## Data records
== Segment start ==

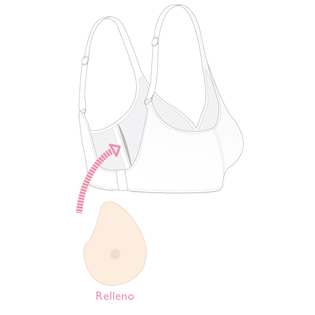 Brasier sin aros, copas sin realce con refuerzo de espuma en el contorno interno. Banda media y con elástico para un mejor ajuste. Broche de dos ganchos y tres niveles de ajuste, tirantes regulables. Elaborado de algodón elastano. Cuenta con una abertura en copas para introducir prótesis de post-mastectomía. *Prótesis no incluidas.
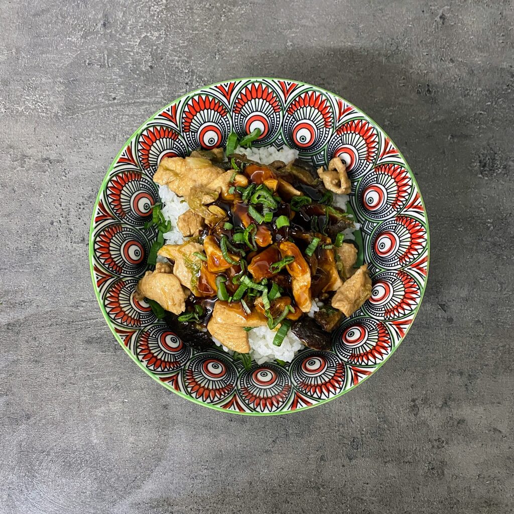 Grâce à cela, je parviens, à mon petit niveau, à reproduire à la maison des idées culinaires parfois réinterprétées par moi-même sans suivre de recettes spécifiques, je me fie donc à l’intuition et à ce que la cuisine comme base te permet de faire. Dans cette recette, je te propose du poulet doré avec des ciboules puis complété avec des champignons shiitake et garni de sauce teriyaki. Comme base sous l’assaisonnement, j’ai mis du riz cuit à la vapeur parfumé au vinaigre de riz reproduisant un bol typiquement oriental à déguster!
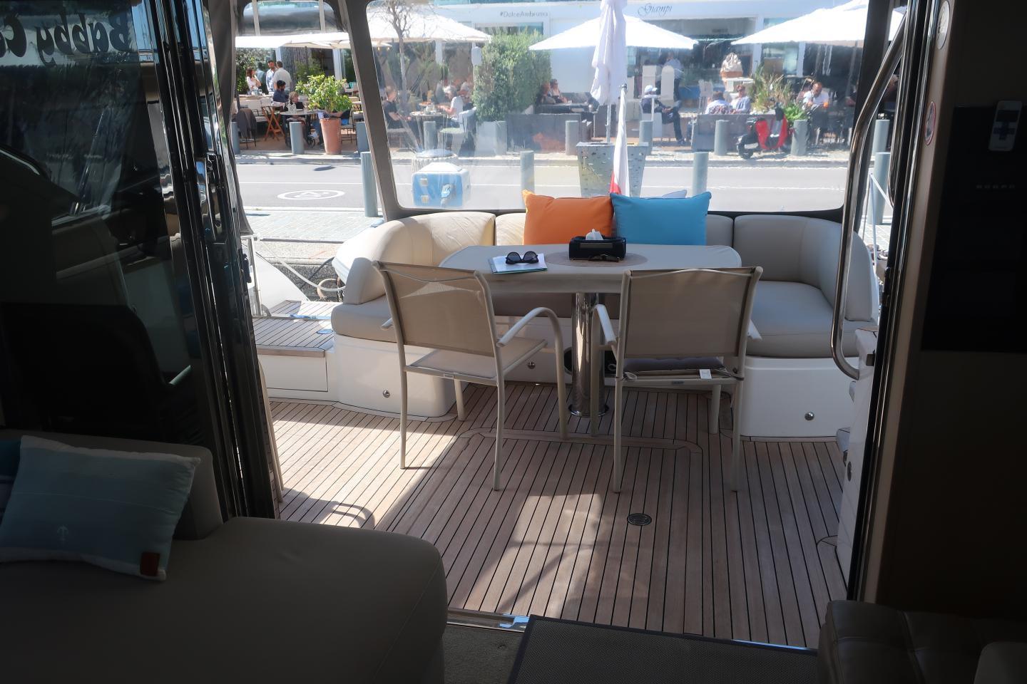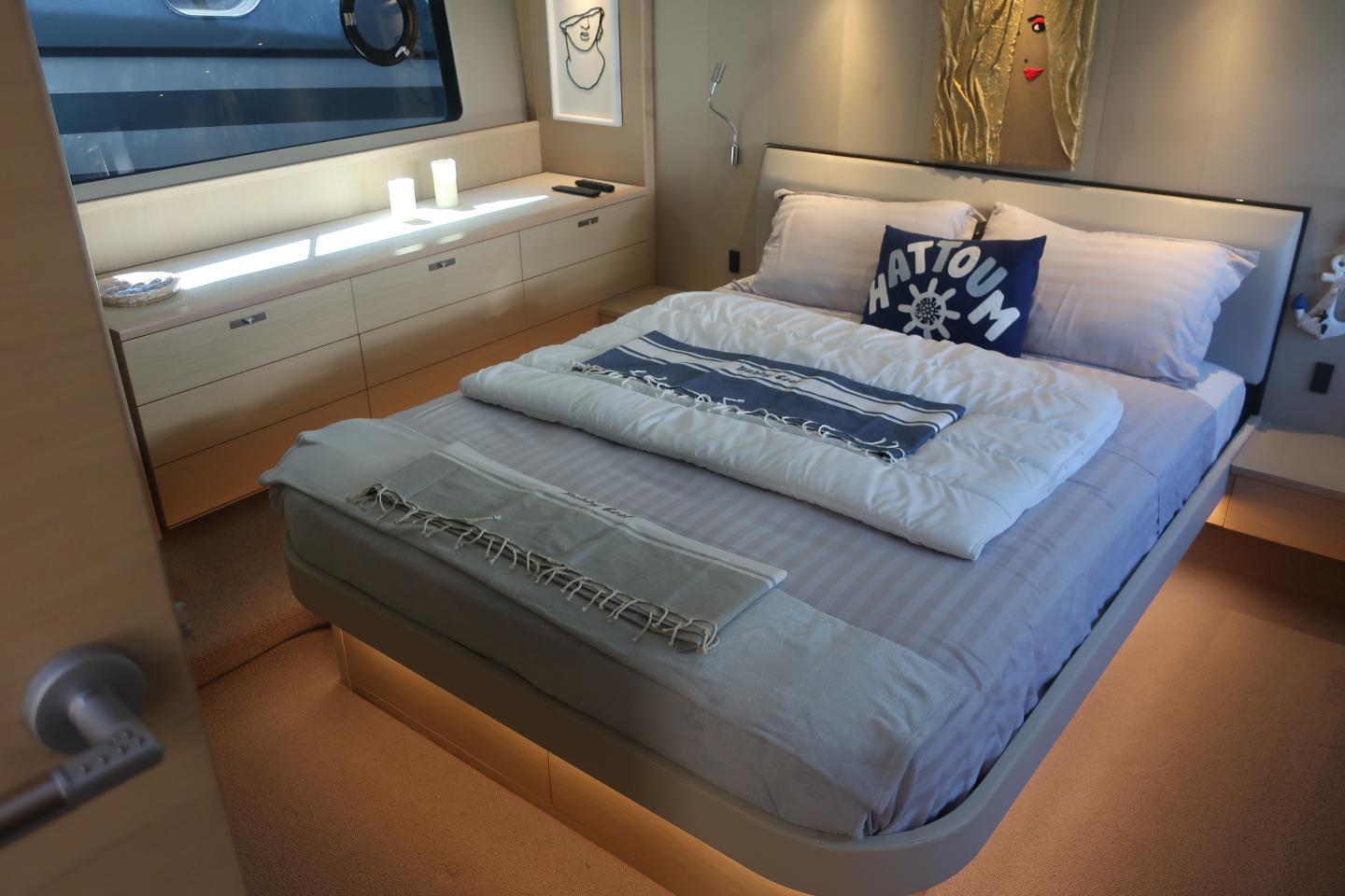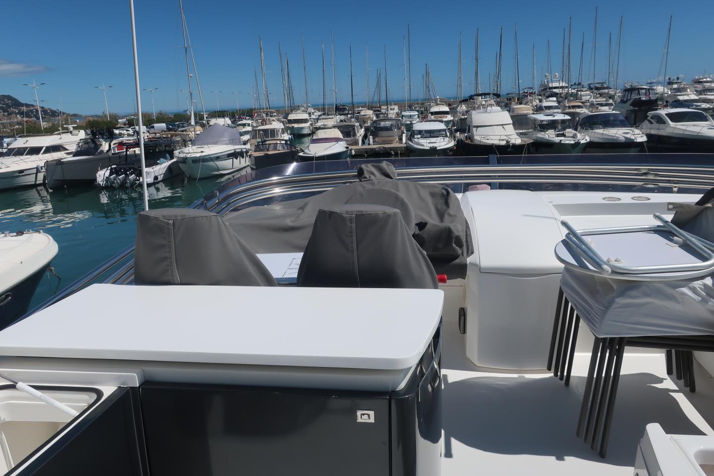 Équipements : climatisation, déssalinisateur, plateforme de bain hydraulique, passerelle hydraulique, stabilisateurs, propulseurs d’étrave et de poupe, Fly bridge avec bain de soleil, Wetar et barbecue
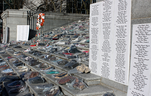 The Shoe Memorial honours the memory of murdered women with a powerful visual display of a set of shoes for each victim placed on the steps of the Vancouver Art Gallery, with their names displayed.
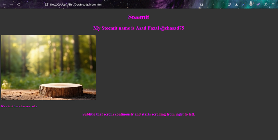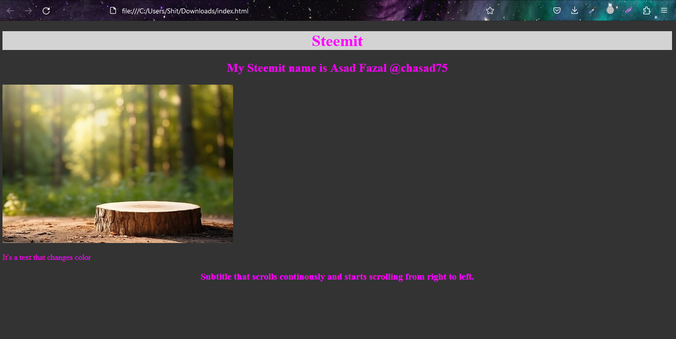Greetings Everyone! I hope everyone is enjoying their life with family and friends by the Grace of Allah Almighty. New week has started with new lessons and SEC challenges. I decided to first do the homework because HTML and CSS is my favorite part. Today the topic is about Transitions, Animations and Transform using HTML5 and CSS3 by @kouba01. So lets start homework. :)
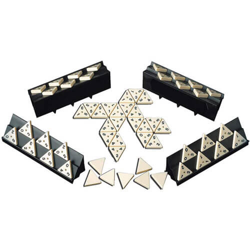 Det klassiske trekantede Domino -spil. Resultatpoint ved at matche numre på de tre sidede fliser med messingspinnere.
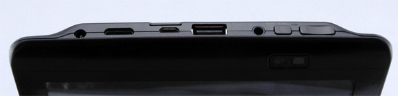 Слева направо: выход адаптера питания, miniHDMI (переходник под обычный HDMI, кстати, в комплект не входит, что чревато дополнительным геморроем по его поиску), слот карты SD, microUSB, USB-хост, выход для наушников, кнопка питания и регулировка громкости.

== Segment end ==

## Assignment
Leave out the pictures, and please output only the lines from the line that contains "Greetings Everyone! I" through the end of the data, both ends included.

## Task result
Greetings Everyone! I hope everyone is enjoying their life with family and friends by the Grace of Allah Almighty. New week has started with new lessons and SEC challenges. I decided to first do the homework because HTML and CSS is my favorite part. Today the topic is about Transitions, Animations and Transform using HTML5 and CSS3 by @kouba01. So lets start homework. :)
 Det klassiske trekantede Domino -spil. Resultatpoint ved at matche numre på de tre sidede fliser med messingspinnere.
 Слева направо: выход адаптера питания, miniHDMI (переходник под обычный HDMI, кстати, в комплект не входит, что чревато дополнительным геморроем по его поиску), слот карты SD, microUSB, USB-хост, выход для наушников, кнопка питания и регулировка громкости.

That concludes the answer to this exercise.